In recent years, cognitive psychologists have gathered bountiful evidence that self-deception is a basic feature of the human mind. There are many advantages to deceiving ourselves, including appearing confident and winning the favor of others. Our minds are a jumble of conscious and unconscious elements that allow us to be both deceiver and deceived, although we may differ in the degree to which we are onto our own tricks. And depression, typically characterized by an excessively negative view of ourselves, may result from a glitch in our self-deceptive machinery.

Or, if neuroscientist V.S. Ramachandran is right, our brains have a mechanism to decouple stark truths—such as the inevitability of death—from their emotional impact. Otherwise, we might be forever paralyzed with fear and do nothing at all with our lives. His conclusions are drawn from studies of people with anosognosia, a condition that makes them deny that they have paralysis or some other disability and even offer wildly inventive explanations for why their body isn’t functioning. We have a deep incentive to keep troubling truths from our conscious minds.

A little bit of self-deceit can be good for you. But when it comes to the core challenges of adult life—career, money, sexual identity and marriage—fooling yourself can have devastating consequences.

In each of these domains—think of them as the four horsemen of self-deception—we face situations that require us to make difficult decisions in the face of doubt and uncertainty. The result is anxiety and a strong temptation to hide from the truth. “People keep secrets from themselves because to acknowledge the information would be extremely anxiety-producing,” says New York City psychiatrist and psychoanalyst Gail Saltz. Self-deception and worry reinforce each other, making it harder and harder to face the facts.

There is no particular personality type that is more vulnerable to self-deception.
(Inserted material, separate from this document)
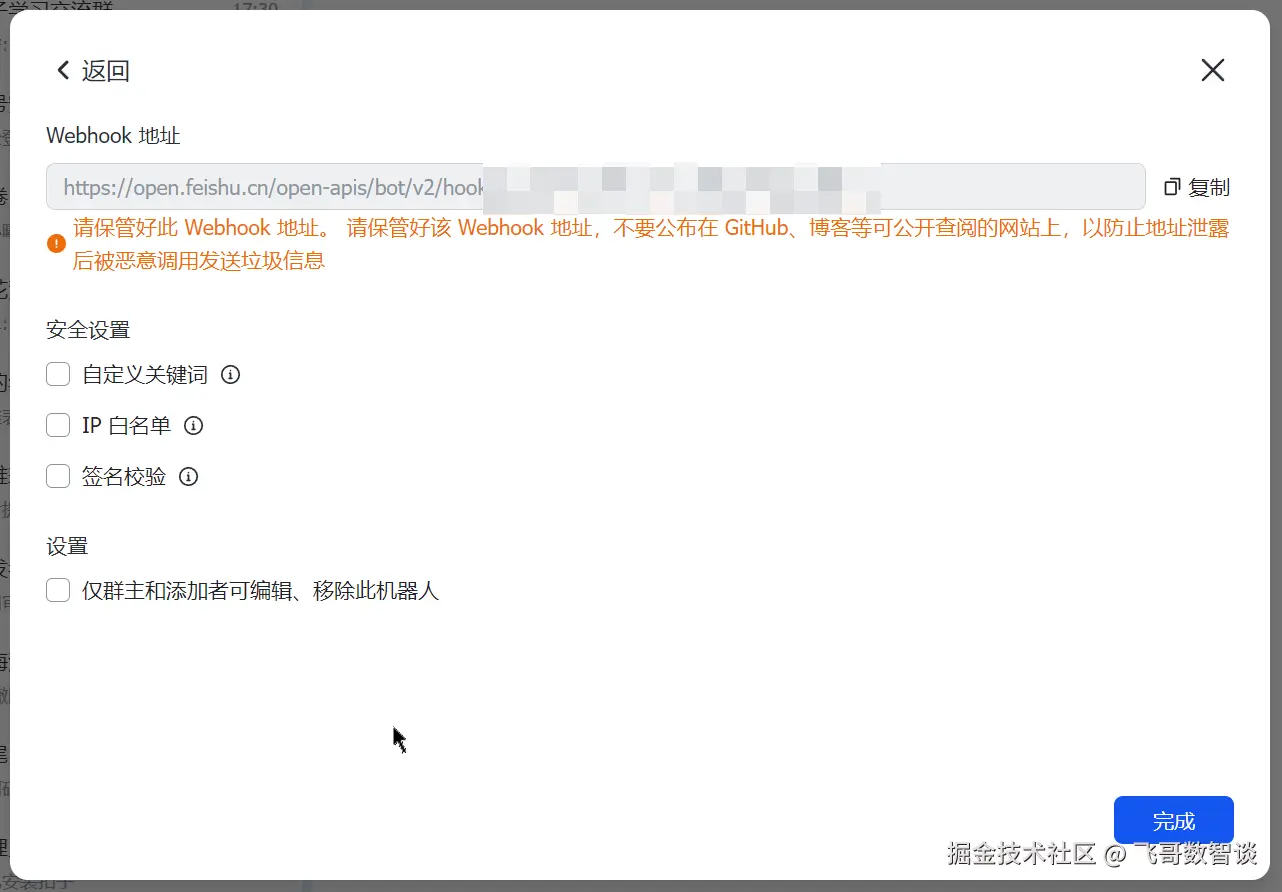 就得到了 Webhook 地址,复制下来备用,我们仅用于测试,因此安全设置未设置。

We are all equally susceptible, especially when anxiety gets the better of us. In general, accepting our flaws alongside our strengths provides a bulwark against excessive self-deception; so does coming to peace with our own internal contradictions and learning to withstand difficult feelings, such as doubt and fear.

What follows are the stories of four people who each triumphed over one such horseman of self-deception.
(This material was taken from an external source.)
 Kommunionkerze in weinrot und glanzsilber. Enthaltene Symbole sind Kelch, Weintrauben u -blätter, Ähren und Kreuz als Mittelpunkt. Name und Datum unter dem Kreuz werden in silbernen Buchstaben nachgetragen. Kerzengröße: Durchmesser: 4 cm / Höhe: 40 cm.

THE LIE /// “I’m good at my job; it must be my destiny to do it.”

David Wertime worked as a corporate lawyer in Hong Kong. The job was demanding, but it was also prestigious, well-paid, and extremely difficult to get. And he was good at it. It seemed like the obvious best use of his skills and his time. But within a few years, he began to realize that while everyone else might want his job, he did not.
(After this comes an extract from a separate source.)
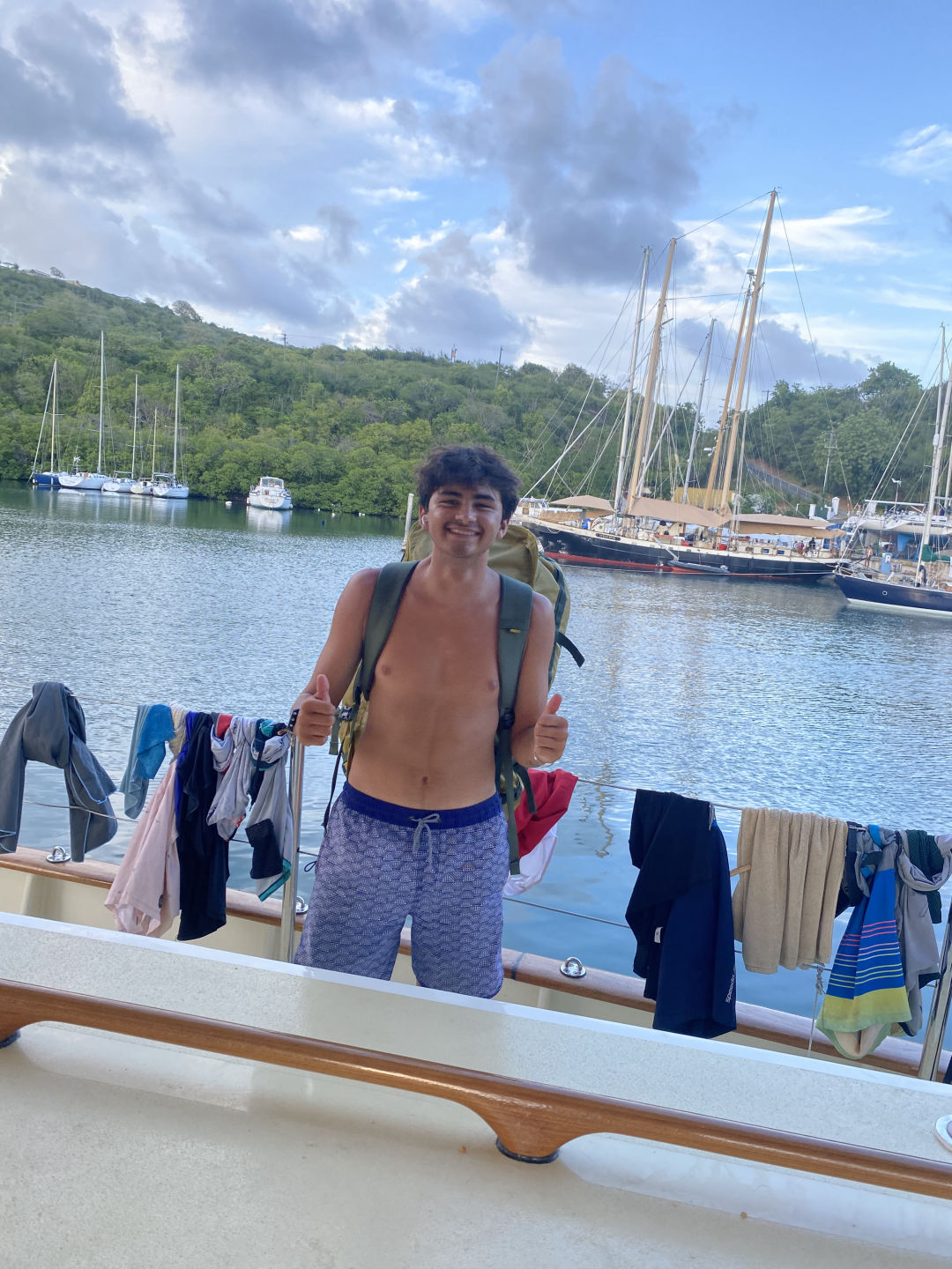 Might even rival the laz for my favorite spot on the boat. Once we docked, “Messy,” BA began. Every inch was scrubbed and wiped down. I was part of the laz squad (Will, Emma, DeMop, Katie, Elisabeth, Tim, and Amanda Cole). We emptied, cleaned, and refilled the laz with loads of dive equipment, sail covers, and more. For lunch, we had delicious pad thai. The tofu was on point. After lunch, we got back to cleaning Argo. This time, I was in the head bilges with Golden and Claire. We got very soapy, and it was quite a challenge, but eventually, we got it done. I did several odd jobs following that “experience” for other groups, such as putting on sail covers, cleaning PFDs, helping with the main bilge, and finding Ben’s tiny yellow bucket. Argo is looking so clean, possibly the cleanest she has ever looked. In the evening, between BA and dinner, we had some free time. Several people went on shore for the showers, David went for a run, a few wrote cards, and I packed. It may be a bit early, but I like to get ahead and have a more relaxed time later. For dinner, the cooking crew made chicken, mushrooms, and plantains. Tonight, for our squeeze question, I said, “Picture yourself talking with a family member or friend after the trip and them asking you to share your thoughts/experience about Seamester in 3 words or well” Everyone had a good answer. Some said a three-word sentence, while others gave three separate words. I said, “I loved everything.” Right after the squeeze, we had cake! I am not completely sure why, but cake is cake, I suppose. All in all, a great day. I think everyone will sleep soundly tonight.

He was fascinated, instead, by technology and by the news emerging from China, where he had previously lived. But how could he abandon a career that everyone else valued—and that he was so good at? So he stuck with it. “It seemed like the reasonable, smart thing to do,” he says.

Being bright, self-disciplined, and hardworking should guarantee career success. But those great qualities can also trap you in a desirable, competitive position that you don’t really enjoy, especially if you expect work to be a major source of meaning in life. You may secretly hate your job, but you do all in your power to make yourself love it.

A grand and particularly insidious self-deception is that you are making the best use of your abilities. The problem, which can be hard to recognize, is that while you feel lost and confused, everyone else regards you as a fabulous success.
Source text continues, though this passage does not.